(Your instructions):
Using the data that follows, output only the lines from the line with "哺乳類の頭蓋骨標本と骨格図鑑を見比べています。" up to and including the line with "This is a beautiful", exactly, leaving pictures aside.
=== Given entries ===
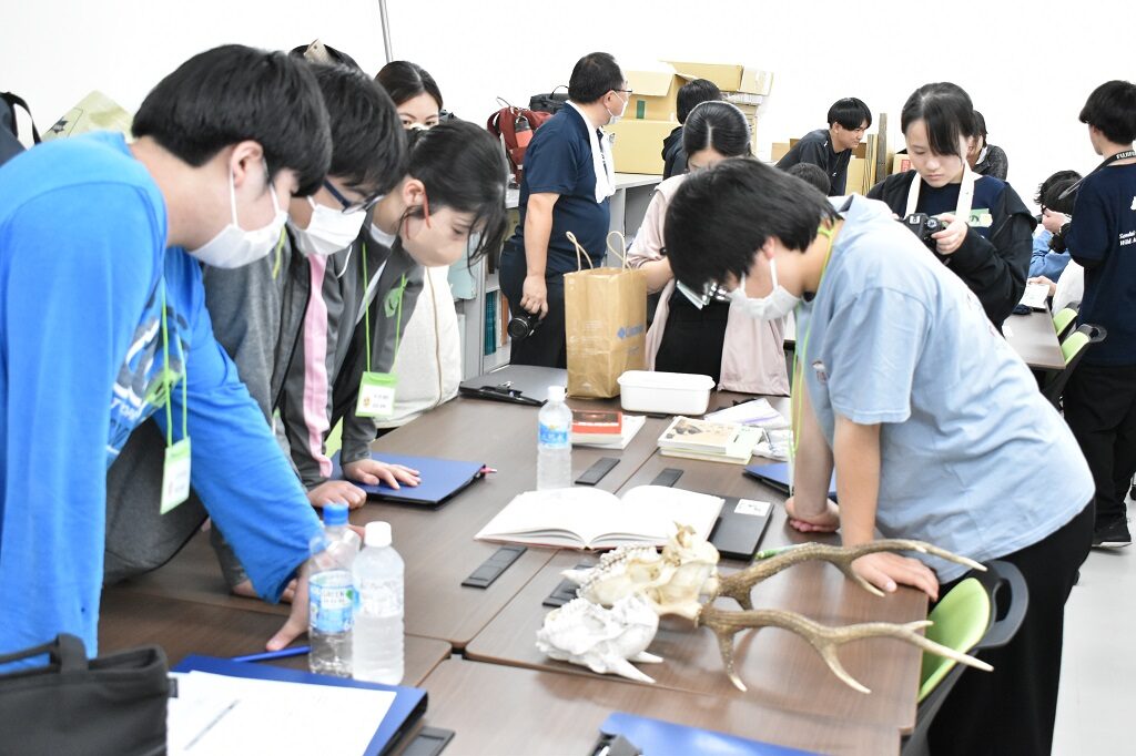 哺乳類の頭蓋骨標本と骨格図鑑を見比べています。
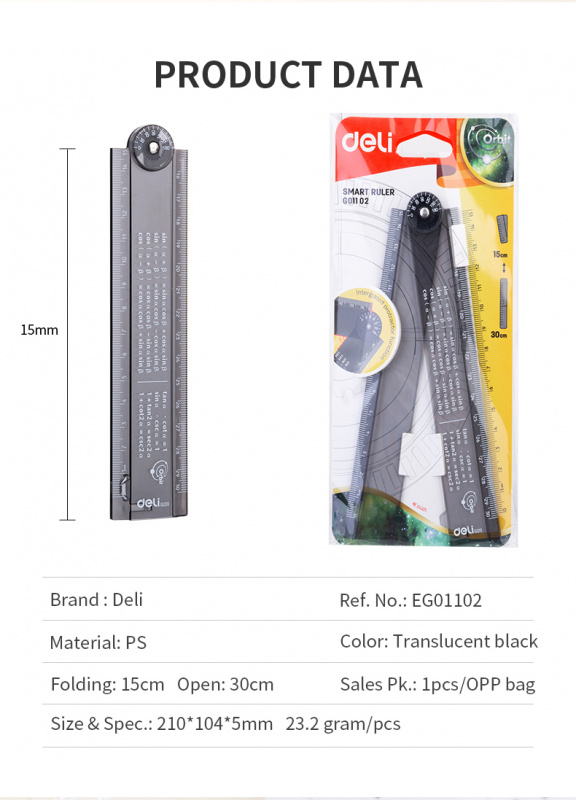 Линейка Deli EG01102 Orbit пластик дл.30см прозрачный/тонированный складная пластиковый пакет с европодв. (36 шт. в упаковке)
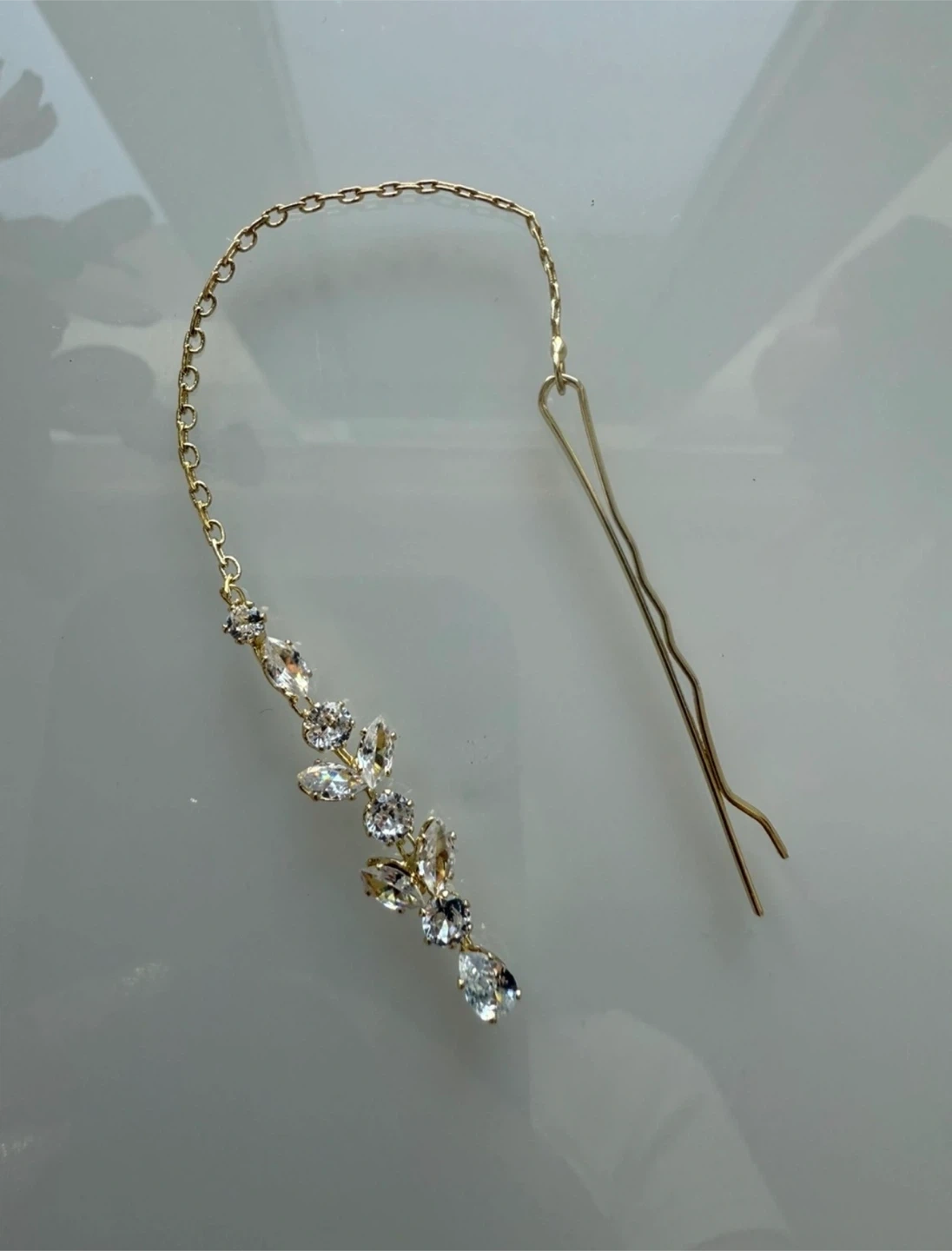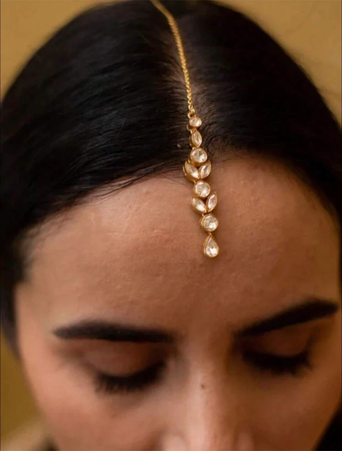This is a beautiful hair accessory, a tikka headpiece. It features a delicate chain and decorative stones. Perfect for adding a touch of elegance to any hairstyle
===
=== Given entries ===
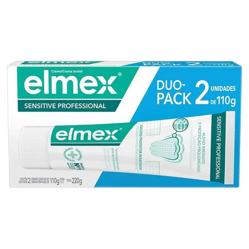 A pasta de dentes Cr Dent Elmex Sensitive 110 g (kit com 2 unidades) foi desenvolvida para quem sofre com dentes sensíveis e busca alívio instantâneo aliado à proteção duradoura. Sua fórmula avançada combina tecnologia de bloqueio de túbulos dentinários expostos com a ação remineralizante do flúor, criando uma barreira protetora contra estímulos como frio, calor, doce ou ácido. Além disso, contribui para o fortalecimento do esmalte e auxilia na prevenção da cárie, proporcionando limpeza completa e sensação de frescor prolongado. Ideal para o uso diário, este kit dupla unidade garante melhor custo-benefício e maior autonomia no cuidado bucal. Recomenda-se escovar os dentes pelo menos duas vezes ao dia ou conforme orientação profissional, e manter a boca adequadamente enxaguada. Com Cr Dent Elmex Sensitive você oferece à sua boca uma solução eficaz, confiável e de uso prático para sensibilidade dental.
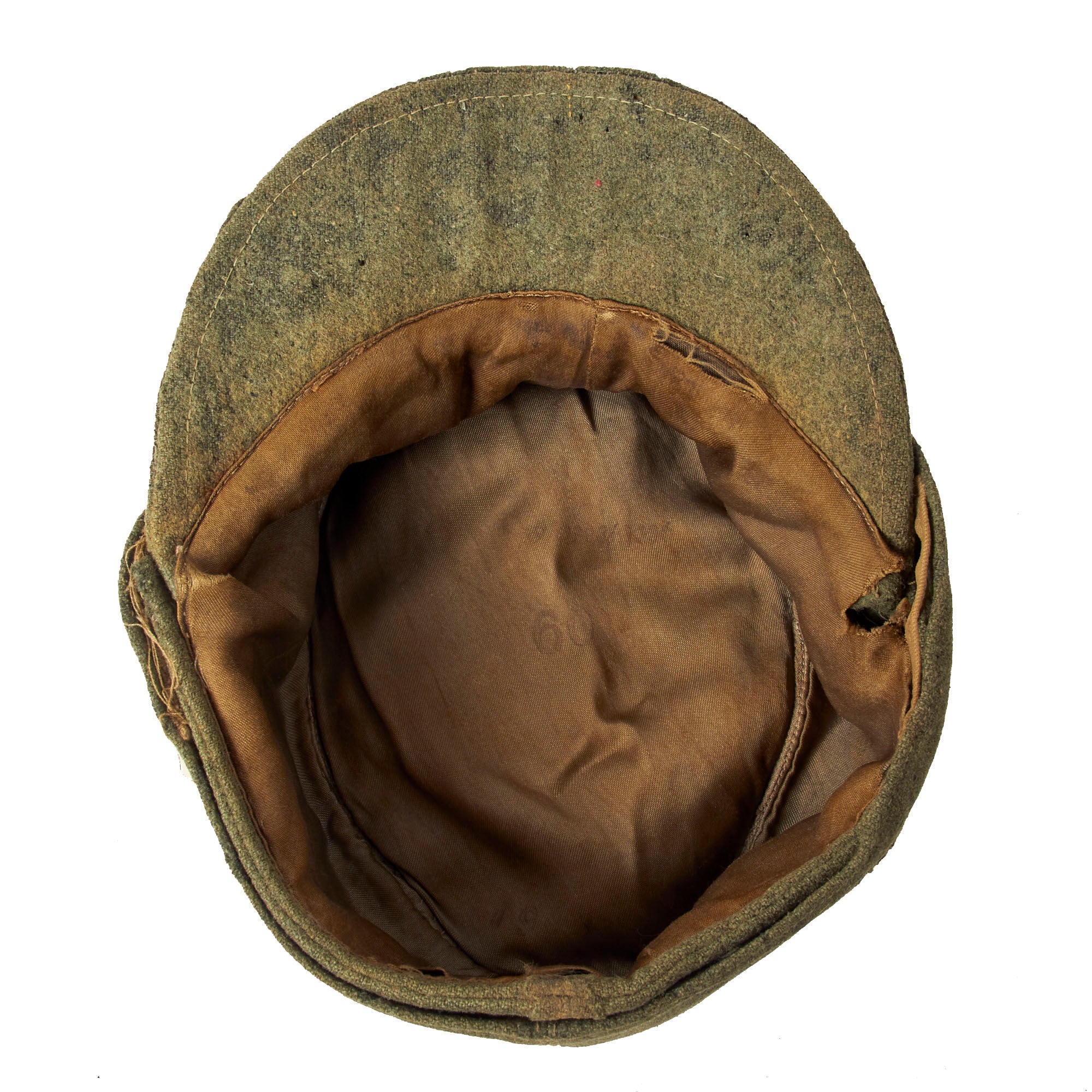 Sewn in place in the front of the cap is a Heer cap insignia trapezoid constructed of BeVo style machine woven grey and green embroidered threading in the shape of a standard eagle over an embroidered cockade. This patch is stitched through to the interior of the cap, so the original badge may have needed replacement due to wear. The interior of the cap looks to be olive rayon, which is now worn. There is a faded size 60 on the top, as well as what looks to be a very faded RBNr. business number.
===
=== Given entries ===
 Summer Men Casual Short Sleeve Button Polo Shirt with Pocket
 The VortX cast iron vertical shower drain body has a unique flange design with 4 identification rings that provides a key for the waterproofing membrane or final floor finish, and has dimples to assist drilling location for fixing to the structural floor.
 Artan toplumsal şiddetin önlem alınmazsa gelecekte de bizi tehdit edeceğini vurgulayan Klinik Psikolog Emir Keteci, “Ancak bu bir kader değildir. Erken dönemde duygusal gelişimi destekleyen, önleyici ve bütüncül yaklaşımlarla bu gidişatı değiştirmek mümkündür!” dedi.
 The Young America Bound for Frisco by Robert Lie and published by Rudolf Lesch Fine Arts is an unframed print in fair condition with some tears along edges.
===
(Task result):
 哺乳類の頭蓋骨標本と骨格図鑑を見比べています。
 Линейка Deli EG01102 Orbit пластик дл.30см прозрачный/тонированный складная пластиковый пакет с европодв. (36 шт. в упаковке)
This is a beautiful hair accessory, a tikka headpiece. It features a delicate chain and decorative stones. Perfect for adding a touch of elegance to any hairstyle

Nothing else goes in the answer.